- **WHAT TO DO**:
Each record needs to be retyped exactly, though its pictures should not appear.

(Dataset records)
++++++++++++++++++++
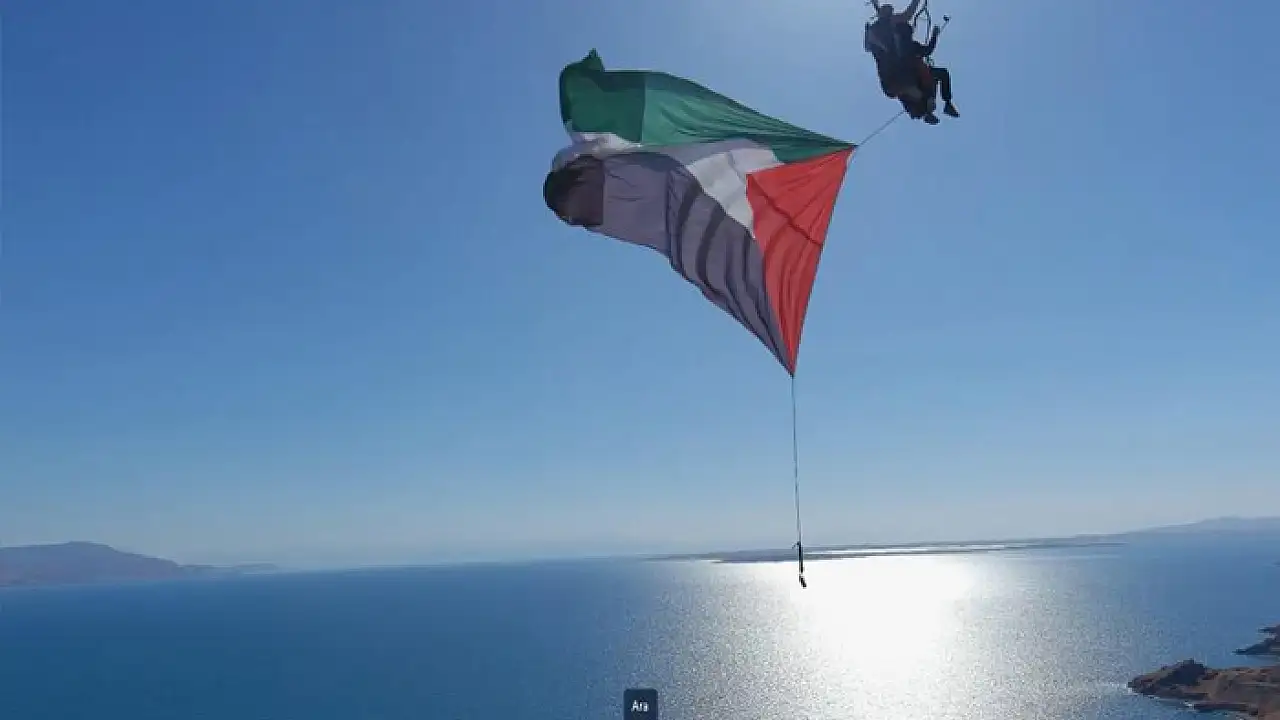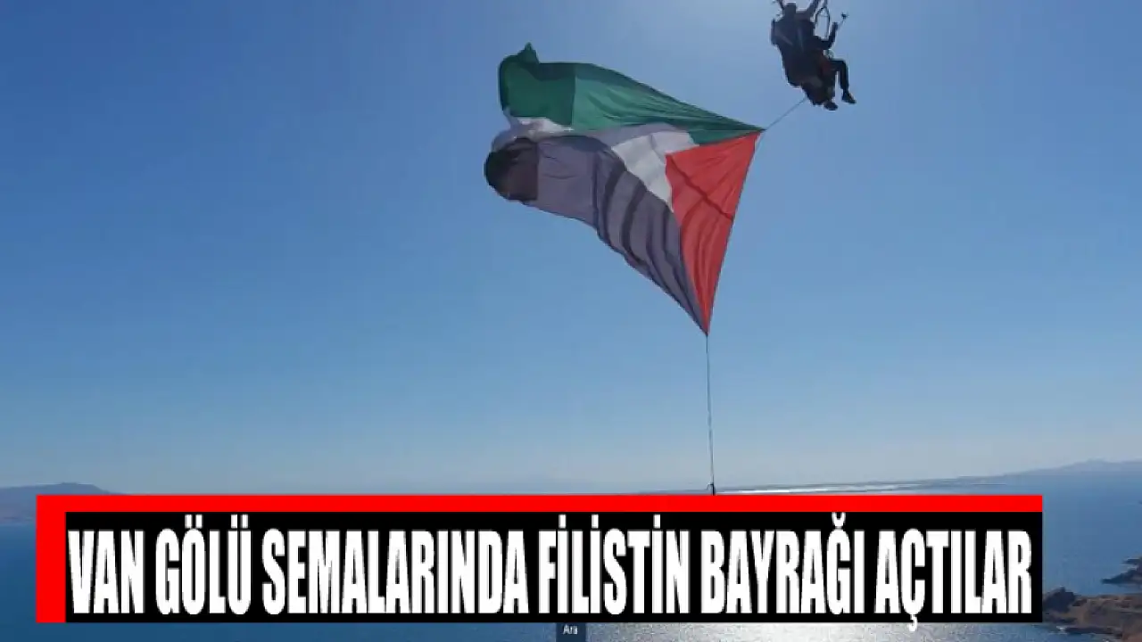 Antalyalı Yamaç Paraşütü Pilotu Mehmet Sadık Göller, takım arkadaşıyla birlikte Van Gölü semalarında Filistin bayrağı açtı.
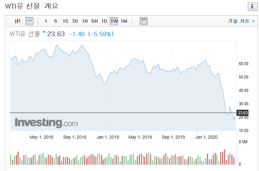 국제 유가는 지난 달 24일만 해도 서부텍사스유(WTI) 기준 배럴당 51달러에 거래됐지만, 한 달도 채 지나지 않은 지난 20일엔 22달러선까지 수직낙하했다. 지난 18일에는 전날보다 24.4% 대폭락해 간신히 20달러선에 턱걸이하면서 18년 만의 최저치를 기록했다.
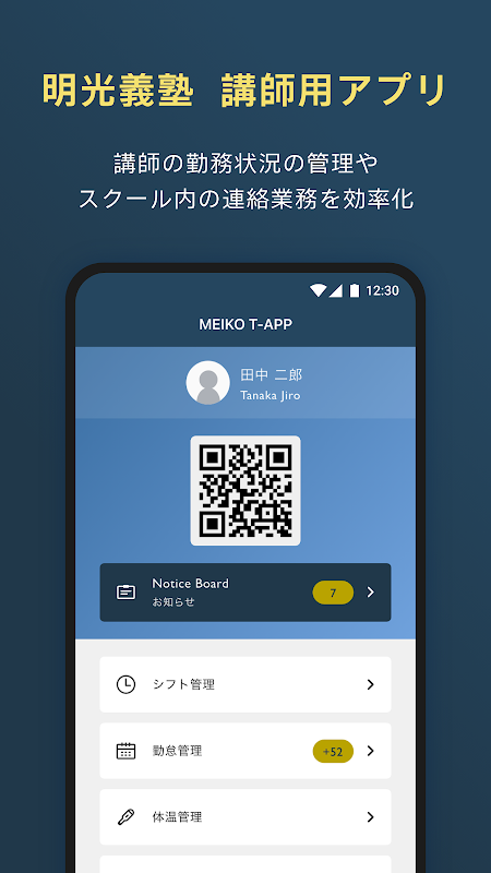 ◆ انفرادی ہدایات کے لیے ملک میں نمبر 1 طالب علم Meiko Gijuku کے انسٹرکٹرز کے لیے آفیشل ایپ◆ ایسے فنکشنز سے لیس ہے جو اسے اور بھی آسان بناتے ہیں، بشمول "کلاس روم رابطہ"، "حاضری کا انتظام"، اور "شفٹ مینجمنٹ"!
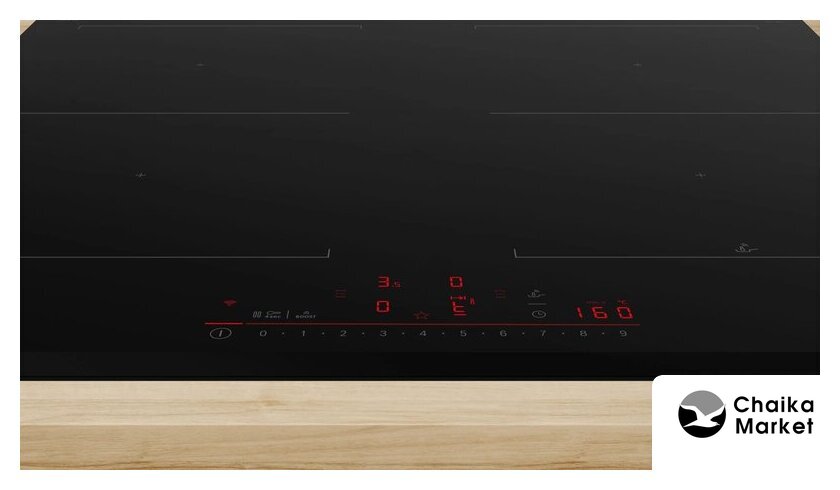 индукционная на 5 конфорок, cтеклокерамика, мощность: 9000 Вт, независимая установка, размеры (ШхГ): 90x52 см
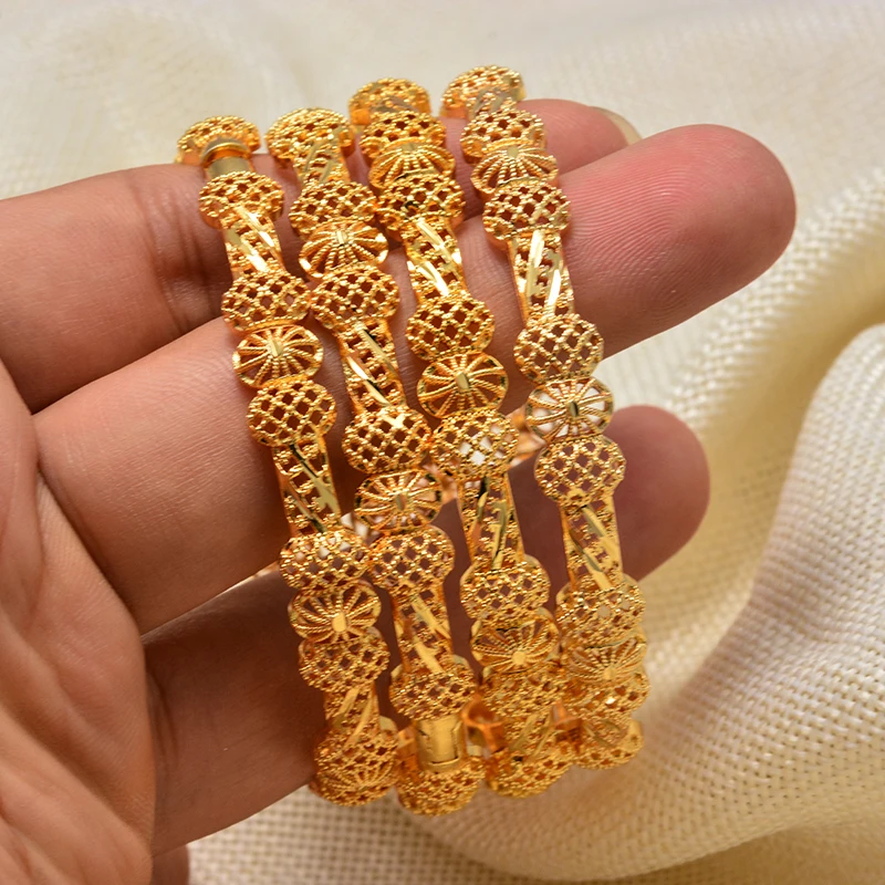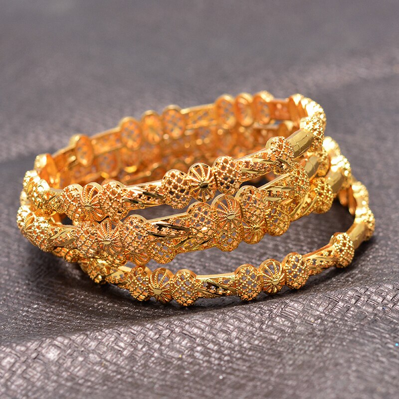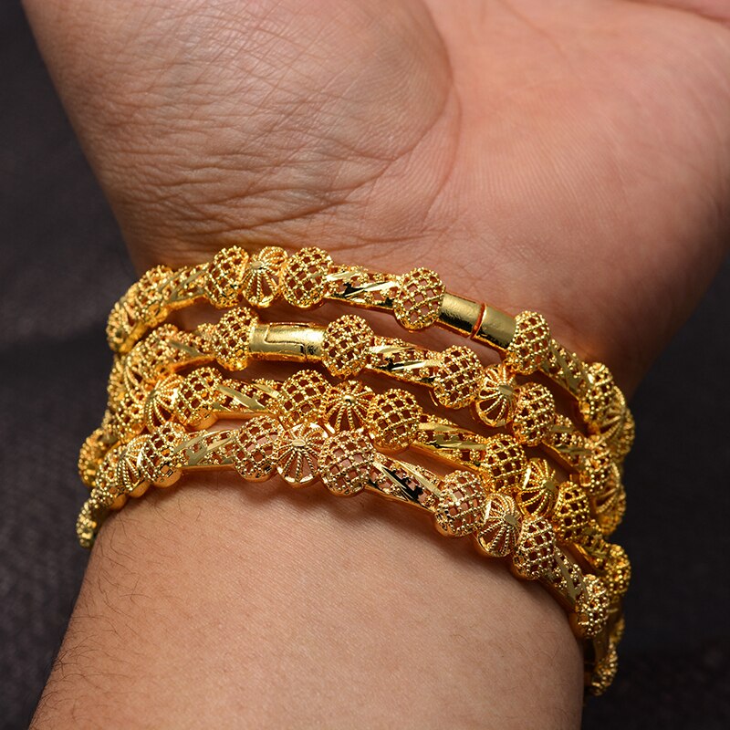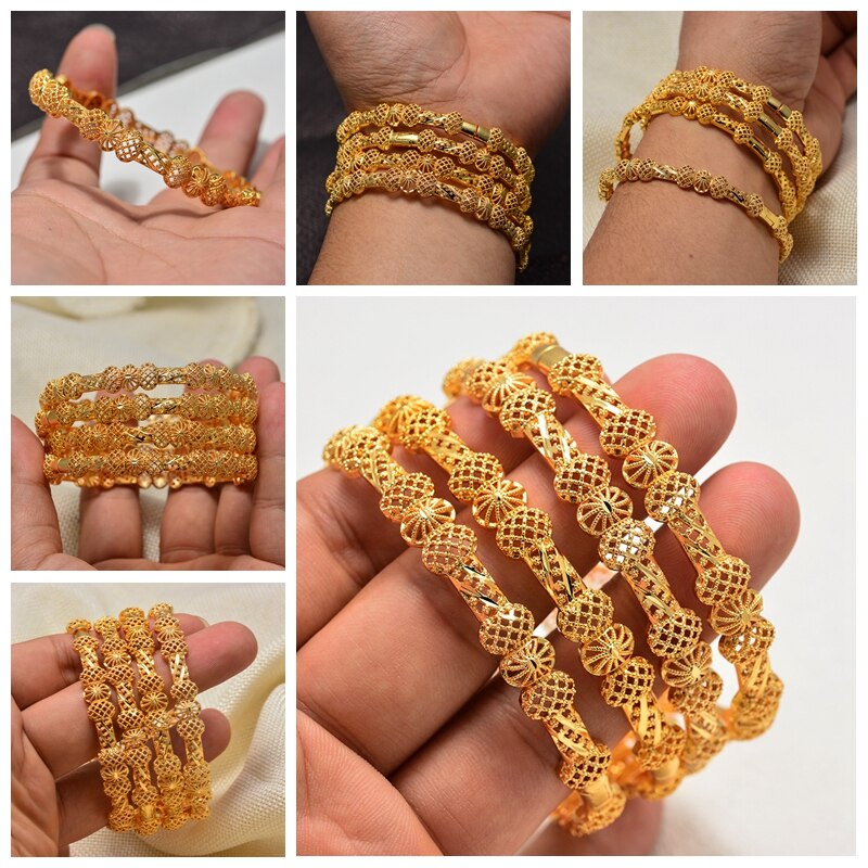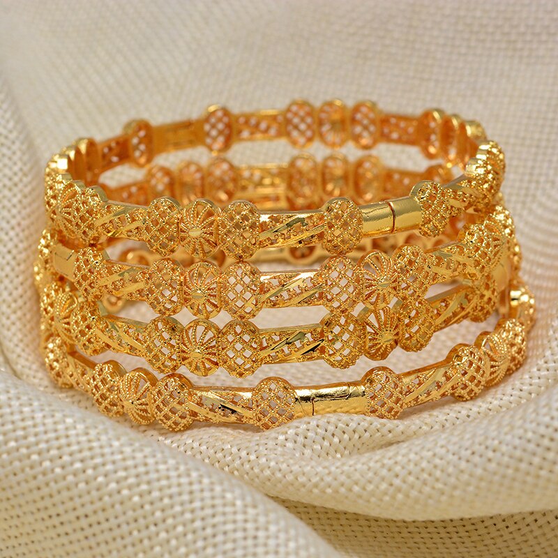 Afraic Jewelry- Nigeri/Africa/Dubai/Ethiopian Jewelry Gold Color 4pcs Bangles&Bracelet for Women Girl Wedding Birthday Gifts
++++++++++++++++++++
- **REPLY**:
 Antalyalı Yamaç Paraşütü Pilotu Mehmet Sadık Göller, takım arkadaşıyla birlikte Van Gölü semalarında Filistin bayrağı açtı.
 국제 유가는 지난 달 24일만 해도 서부텍사스유(WTI) 기준 배럴당 51달러에 거래됐지만, 한 달도 채 지나지 않은 지난 20일엔 22달러선까지 수직낙하했다. 지난 18일에는 전날보다 24.4% 대폭락해 간신히 20달러선에 턱걸이하면서 18년 만의 최저치를 기록했다.
 ◆ انفرادی ہدایات کے لیے ملک میں نمبر 1 طالب علم Meiko Gijuku کے انسٹرکٹرز کے لیے آفیشل ایپ◆ ایسے فنکشنز سے لیس ہے جو اسے اور بھی آسان بناتے ہیں، بشمول "کلاس روم رابطہ"، "حاضری کا انتظام"، اور "شفٹ مینجمنٹ"!
 индукционная на 5 конфорок, cтеклокерамика, мощность: 9000 Вт, независимая установка, размеры (ШхГ): 90x52 см
 Afraic Jewelry- Nigeri/Africa/Dubai/Ethiopian Jewelry Gold Color 4pcs Bangles&Bracelet for Women Girl Wedding Birthday Gifts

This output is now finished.